I noticed that the nextStep() function is passed to setInterval() with a "delay" of '100'.
> But (as best I can tell) each "default button" gets its own timer.

Is this correct, Markus?
That's correct, yes.

Our future plans for these kinds of animations are in bug 546837 comment 4.
There's one non-anonymous buttond[default] in the Firefox UI itself somewhere. Not sure whether there might be anonymous ones too.  But that shouldn't get you "event queue wakes up every small fraction of a second" unless "small fraction" is 0.1.
Boris, do you have any idea what the behavior would/should be if you had (say) 10 default buttons visible at once?  Would/should this decrease the length of the longest possible idle?

(I'm sure Andreas will do the measurements.  I just wonder if there are any established ideas about how this *should* work.)
setTimeout and setInterval should cost at most one pending XPCOM timer. That's how they used to work, and that's how any minimal implementation would work. Are we really getting multiple nsTimerImpl instances, or just lots of closely spaced timer firings?

/be
A bit of both, really.

Each default button has a separate timer that fires once every 100ms.  The question (or at least my question) is about the spacing of the timer firings as the number of these timers goes up.
Seems to me that the only sane way to deal with this is to have a single timer for these buttons and when that timer fires we update every button that needs updating etc. Even if we're able to synchronize these timers such that they'd all fire after one and other it'd be a waste of timer thread activity to do that over just having one IMO.
> Would/should this decrease the length of the longest possible idle?

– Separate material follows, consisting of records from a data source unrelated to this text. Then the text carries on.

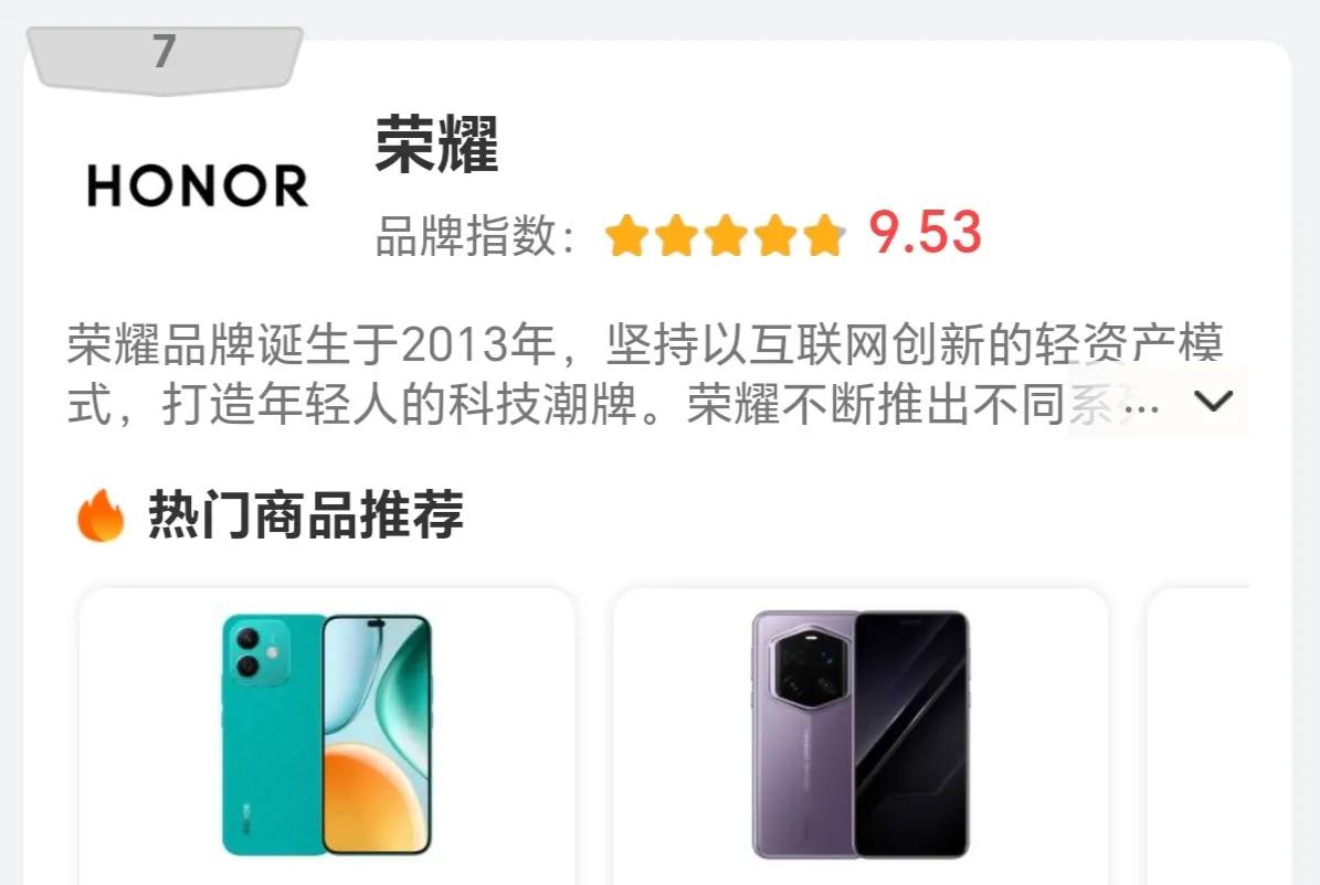 榮耀以 9.53 的品牌指數位列第七,作為華為曾經的子品牌,榮耀始終堅持獨立發展,致力于打造年輕人的科技潮牌。雖然目前榮耀的產品線還不夠豐富,但其未來的發展潛力不容小覷。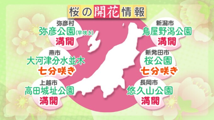 新発田市の桜公園や、燕市の大河津分水は「七分咲き」となっています。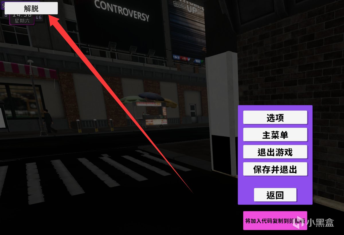 请按左上角的【解脱】,这个时候你会传到【禁闭室】在员工休息室内。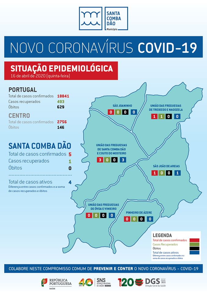 A Câmara Municipal de Santa Comba Dão informou hoje o quinto caso positivo da COVID-19 no concelho. Mas, ao mesmo tempo, a autarquia deu também a conhecer que existe já um paciente no município que venceu o novo coronavírus. Há também quatro casos em vigilância activa. “Clarifica ainda, que as informações prestadas sobre este assunto, nos canais oficiais do município, sê-lo-ão apenas, após confirmação oficial dos dados pelas entidades competentes”, frisa a autarquia.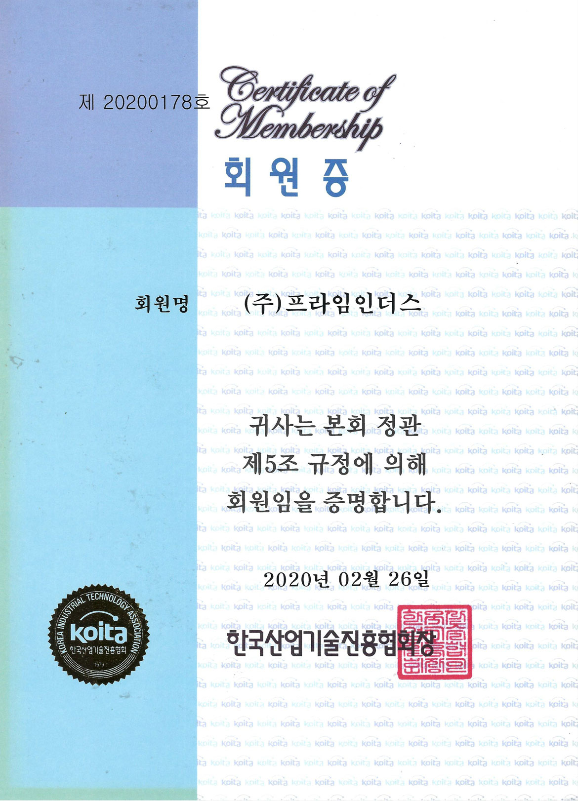 한국산업기술진흥협회 회원증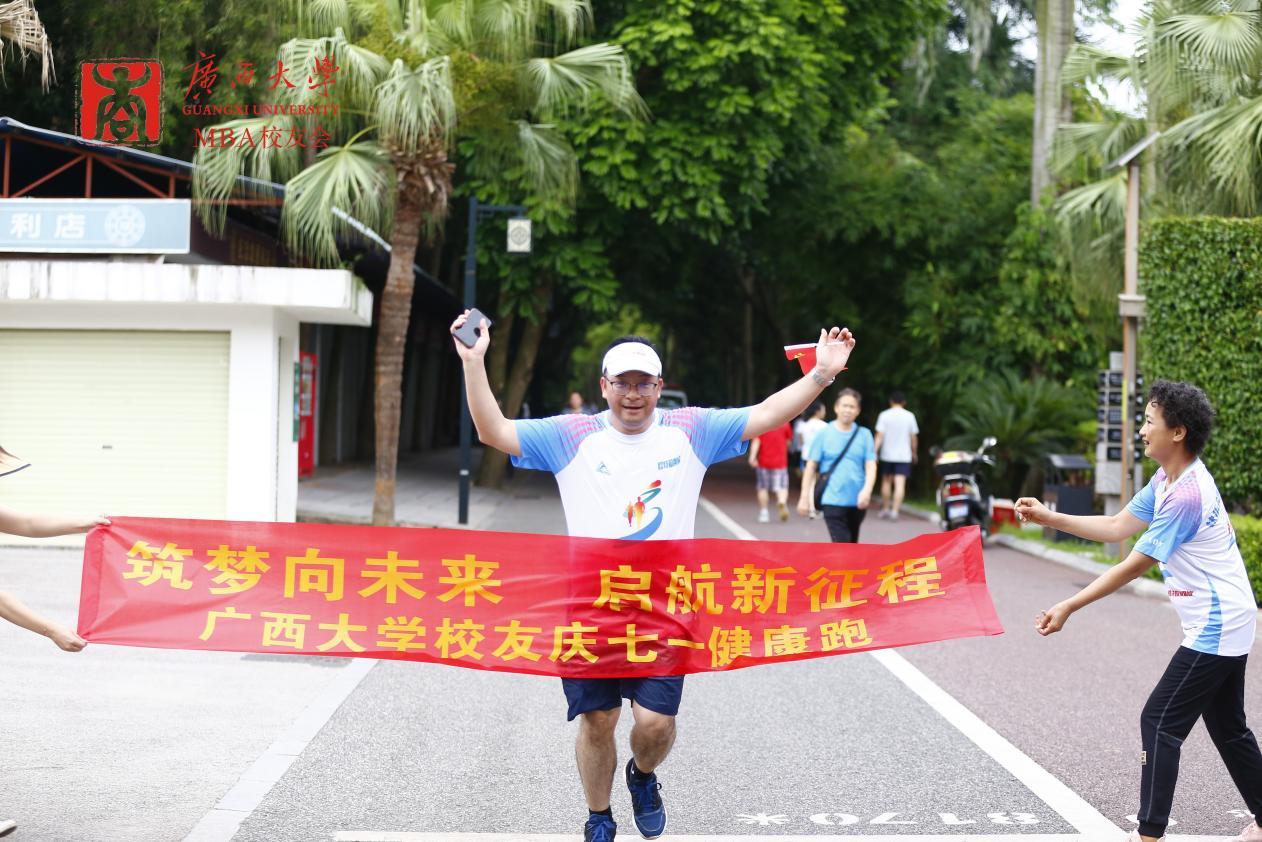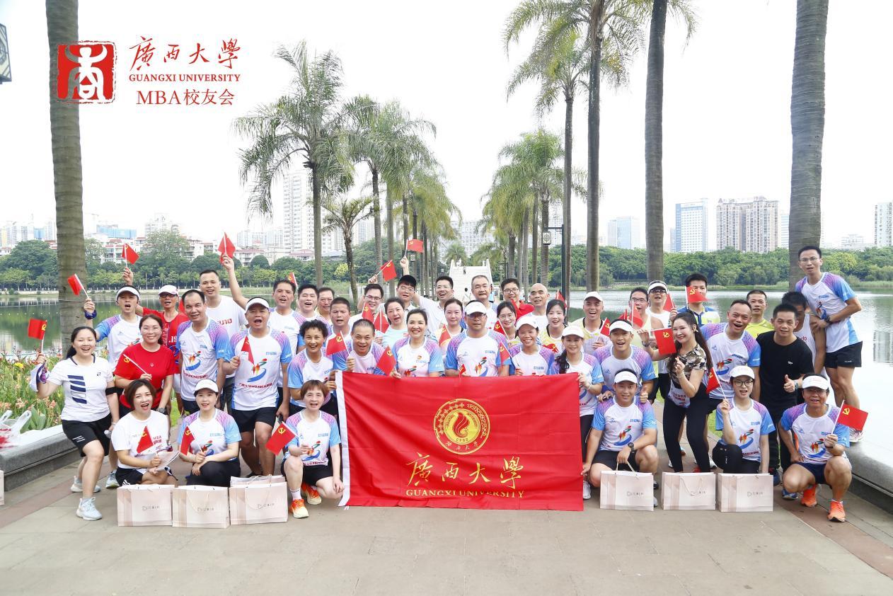 在中国共产党成立102周年之际,7月1日上午,学院党委书记罗诚与学院MBA、EMBA校友一起,在南宁市南湖公园参加了由2138CC太阳集团区直校友会、2138CC太阳集团南宁市校友会、2138CC太阳集团EMBA同学会、2138CC太阳集团MBA校友会、2138CC太阳集团MBA联合会共同举办的主题为“筑梦向未来,启航新征程”的2138CC太阳集团校友庆“七一”健康跑活动。近70名校友在全长8.1公里的环湖绿道上意气风发、奋勇向前,以这种特殊的方式庆祝中国共产党成立102周年。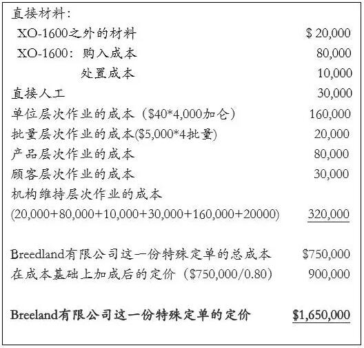 Josh對該項目的定價決策。星期一的一早,George來到Abby的辦公室,把周末與Josh對這個項目的進展的情況告訴了她。他說明Josh有意購買剩余的10加侖XO-1600。George指出,這項協(xié)議的細節(jié)將在本周內(nèi)商定。Abby稍為停頓了一下,尋思此事的細節(jié),她想起了上周五她在把該項目開價的事告訴George時,曾提及那剩余未用的10加侖將被棄臵,因而對該定單所開的價格將包括購買XO-1600的全部價值再加上強制性棄臵所需要的費用。Abby建議說,給Breeland公司的報價,不妨稍為推遲一些;如果Breeland同意推遲,則協(xié)議草稿可以等到Josh的定單確定下來后作一修改。
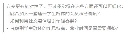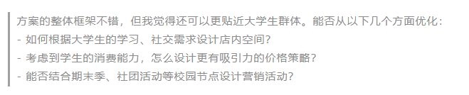 以这家咖啡店的开业方案为例,DeepSeek生成的首版方案未能充分凸显“大学生”这一核心目标客群。遇到这种情况,不必急于否定,不妨尝试通过以下方式继续沟通:
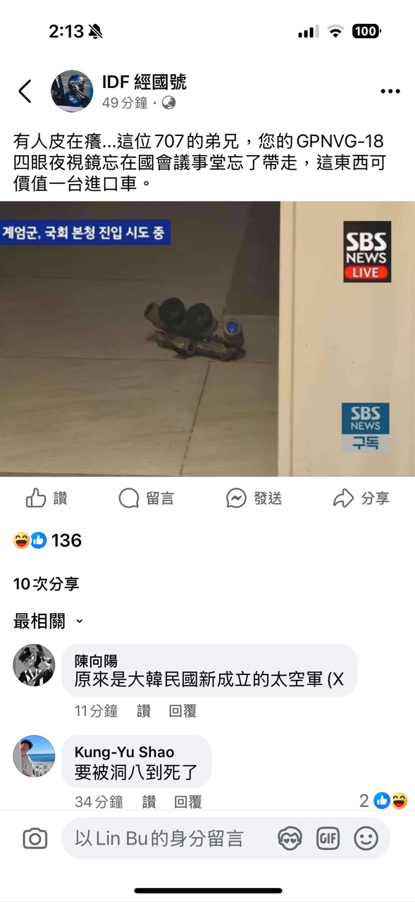 推 asked : 有看到他們收隊的時候把夜視鏡拆下放背包才離開 12/04 02:26

With our current code it likely would; basically the firing times would be randomly distributed.  Whether it should is a separate question.
Target Milestone: mozilla1.9.3 → mozilla2.0
We should get a separate bug filed on that button thing.  Can someone with a working computer (i.e. not me) please do that?
I'm not sure what the button problem is. That it uses timers at all?

About the OS X implementation:
The CFRunLoopObserver documentation says that you can be notified when the native event loop enters/exits the idle state by observing kCFRunLoopBefore/AfterWaiting. That sounds like a good place to call Before/AfterIdle().
> That it uses timers at all?

Yes, and especially one timer per button.
(In reply to comment #50)

> About the OS X implementation:
> The CFRunLoopObserver documentation says that you can be notified
> when the native event loop enters/exits the idle state by observing
> kCFRunLoopBefore/AfterWaiting. That sounds like a good place to call
> Before/AfterIdle().

You mean as an alternative to hooking [NSApplication sendEvent:]?
Yes, that might work.

But we'll still need to also call AfterIdle() when we start processing
Gecko events.  In other words, we're only truly idle when we're
processing neither native events nor Gecko events, and
kCFRunLoopBefore/AfterWaiting is only about native events.
If we use a single timer for all animated widgets, that would limit the wakeups to a reasonable interval.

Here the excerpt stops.